В середине 60-ых Исааку, как реабилитированному, дали квартиру. Собственно, это была не квартира, а комната в коммуналке. До этого он много лет жил на 16 метрах со старухой-матерью. По 5-6 месяцев в году ошивался в командировках. Дома было неуютно.
В новой квартире в соседи Исааку досталась семья Бурдыкиных. Пили все трое. Каждый день.
      Выйдя на пенсию, Исаак почти сразу разменял свою комнату на однокомнатную квартиру в живописном поселке на берегу реки. Сын стал чаще приезжать к нему, оставался на несколько дней. Они гуляли по лесу и говорили, говорили, говорили, наверстывая многолетнее отчуждение. У Исаака была фанатичная привязанность к Утесову и фильму “Веселые ребята”. Фильм напоминал о счастливых временах в городе Баку, где он бегал на “Веселых ребят” еще и еще раз.
Дома у Исаака на стене висел портрет Утесова в цилиндре. А на противоположной стене фото Сталина. В гробу.
     Умер Исаак, прожив, несмотря ни на что, долгую жизнь, так и не увидев внука. Фотографии, которые получал по почте из Израиля, рассмотреть уже не мог и просил свою вторую жену описать как внук выглядит. Умирал тяжело, от рака легкого. А “Веселых ребят” можно теперь посмотреть в интернете, нажав всего на несколько клавиш. Не дожил. Жаль.
 
     Сима закончила школу с золотой медалью. Девочка была влюблена в русскую литературу, участвовала в каких-то олимпиадах. И даже один раз была в Артеке. После возвращения в Большой город, ее направили преподавать в школу на далекой окраине. На дорогу уходило часа три в оба конца. Подруги- сплошь учителя. Одна из них и познакомила Симу со своим родственником Исааком, “врагом народа”, недавно освободившимся из тюрьмы. И Сима, несмотря на естественные опасения, дала согласие. Потом было замужество, развод и рождение сына. После развода Сима приобрела статус “мать – одиночка”. На горизонте опять появились подруги. Одна из них, Аня- низкорослая огненно-рыжая еврейка с непропорциональной фигурой. Это трудно было объяснить, но при всех этих “достоинствах” редкий мужчина не оборачивался ей вслед. У Ани был сын Марик на год старше Жени. Дети дружили. Потом жизнь их развела. Марик женился, закончил институт и с маленьким ребенком, женой и родителями еще в 70-ых отбыл в Израиль. Через шесть лет перебрался в Австралию. Уже без Гришы- отца Марика. Он умер в Израиле.

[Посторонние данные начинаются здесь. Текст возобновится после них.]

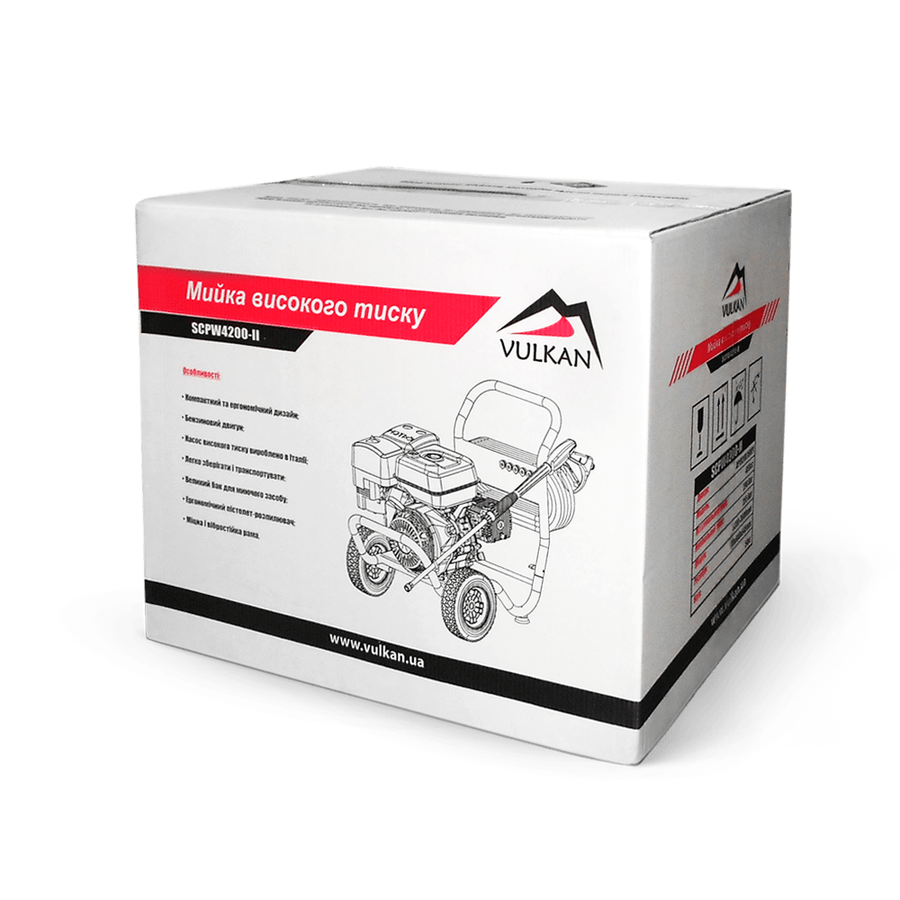 Мийка високого тиску Vulkan SCPW 4200-II - професійний мийний апарат на бензиновому двигуні потужністю 13 л. с. Дана модель активно використовується у сфері технічного обслуговування, на виробництві, в роботі комунальних служб і клінінгових компаній. Додатково мийку можна оснастити пінної насадкою або фрезу.

Гриша был двухметровый гигант, сильно пивший и лицом похожий на французского актера Фернанделя. Мастером был на все руки. Аня несколько раз пыталась с Гришей развестись, да так и не развелась. Потом Аня заболела, стала плохо ходить. А Гриша бросил пить еще в Союзе и ухаживал за ней как за ребенком.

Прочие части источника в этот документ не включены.